617.0701 Meetings of members, generally; failure to hold annual meeting; special meeting; consent to corporate actions without meetings; waiver of notice of meetings.--
(1) The frequency of all meetings of members, the time and manner of notice of such meetings, the conduct and adjournment of such meetings, the determination of members entitled to notice or to vote at such meetings, and the number or voting power of members necessary to constitute a quorum, shall be determined by or in accordance with the articles of incorporation or the bylaws. The place and time of all meetings may be determined by the board of directors.
(2) Failure to hold an annual meeting does not cause a forfeiture or give cause for dissolution of the corporation, nor does such failure affect otherwise valid corporate acts, except as provided in s. 617.1430 in the case of a deadlock among the directors or the members.
(3) Special meetings of the members may be called by the president, the chair of the board of directors, the board of directors, or such other officers or persons as are provided for in the articles of incorporation or the bylaws.
(4)(a) Unless otherwise provided in the articles of incorporation, action required or permitted by this act to be taken at an annual or special meeting of members may be taken without a meeting, without prior notice, and without a vote if the action is taken by the members entitled to vote on such action and having not less than the minimum number of votes necessary to authorize such action at a meeting at which all members entitled to vote on such action were present and voted. In order to be effective, the action must be evidenced by one or more written consents describing the action taken, dated and signed by approving members having the requisite number of votes and entitled to vote on such action, and delivered to the corporation by delivery to its principal office in this state, its principal place of business, the corporate secretary, or another officer or agent of the corporation having custody of the book in which proceedings of meetings of members are recorded. Written consent shall not be effective to take the corporate action referred to in the consent unless the consent is signed by members having the requisite number of votes necessary to authorize the action within 60 days of the date of the earliest dated consent and is delivered in the manner required by this section.

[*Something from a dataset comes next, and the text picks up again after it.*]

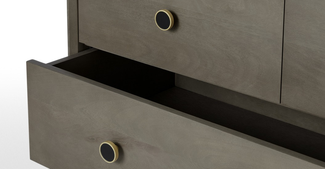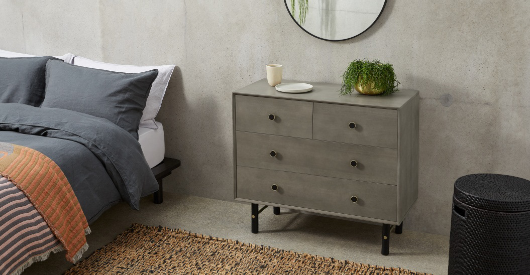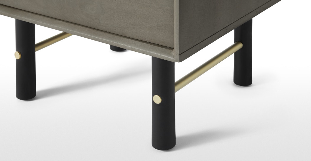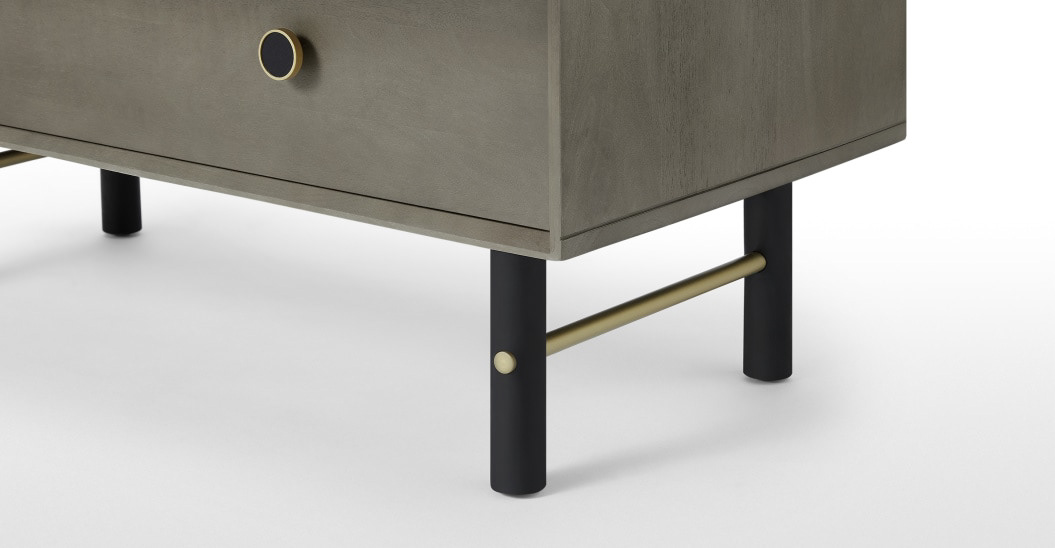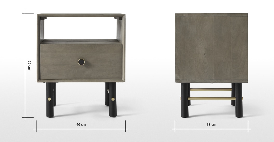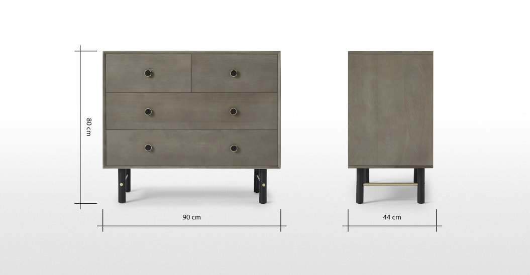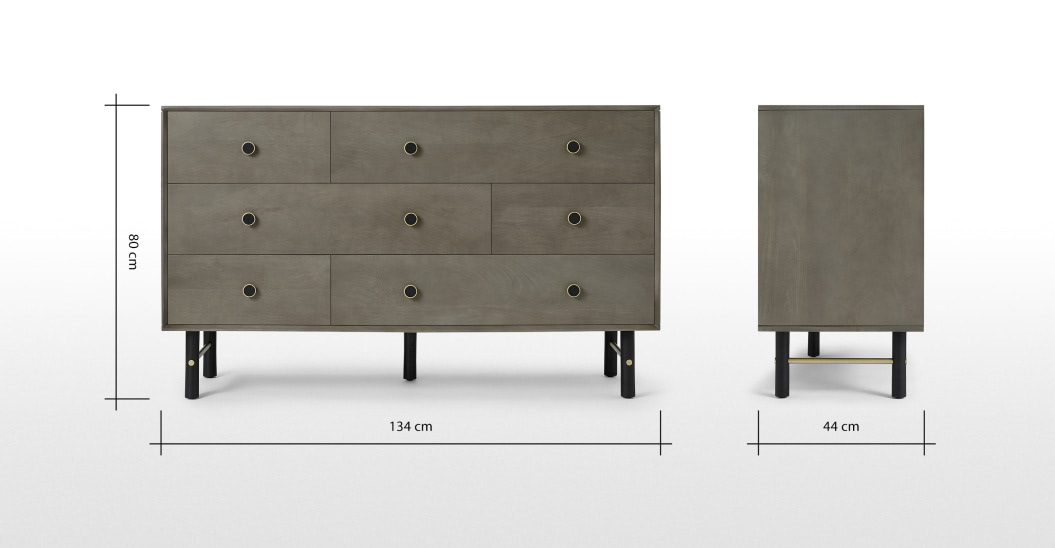 Manufactured in grey washed mango wood with gold accent handles and leg bracing, Liaka is an industrial, luxe range of bedroom storage pieces. Designed for Made.com

(b) Any written consent may be revoked prior to the date that the corporation receives the required number of consents to authorize the proposed action. A revocation is not effective unless in writing and until received by the corporation at its principal office in this state or its principal place of business, or received by the corporate secretary or other officer or agent of the corporation having custody of the book in which proceedings of meetings of members are recorded.
(c) Within 10 days after obtaining such authorization by written consent, notice must be given to those members who are entitled to vote on the action but who have not consented in writing. The notice must fairly summarize the material features of the authorized action.
(d) A consent signed under this section has the effect of a meeting vote and may be described as such in any document.
(e) If the action to which the members consent is such as would have required the filing of a certificate under any other section of this act if such action had been voted on by members at a meeting thereof, the certificate filed under such other section must state that written consent has been given in accordance with the provisions of this section.
(f) Whenever action is taken pursuant to this section, the written consent of the members consenting to such action or the written reports of inspectors appointed to tabulate such consents must be filed with the minutes of proceedings of members.
(5)(a) Notice of a meeting of members need not be given to any member who signs a waiver of notice, in person or by proxy, either before or after the meeting. Unless required by the bylaws, neither the affairs transacted nor the purpose of the meeting need be specified in the waiver.
(b) Attendance of a member at a meeting, either in person or by proxy, constitutes waiver of notice and waiver of any and all objections to the place of the meeting, the time of the meeting, or the manner in which it has been called or convened, unless the member attends a meeting solely for the purpose of stating, at the beginning of the meeting, any such objection or objections to the transaction of affairs.
(6) Subsections (1) and (3) do not apply to any corporation that is an association as defined in s. 720.301
History.--s. 35, ch. 90-179; s. 49, ch. 95-274; s. 81, ch. 97-102; s. 53, ch. 2000-258.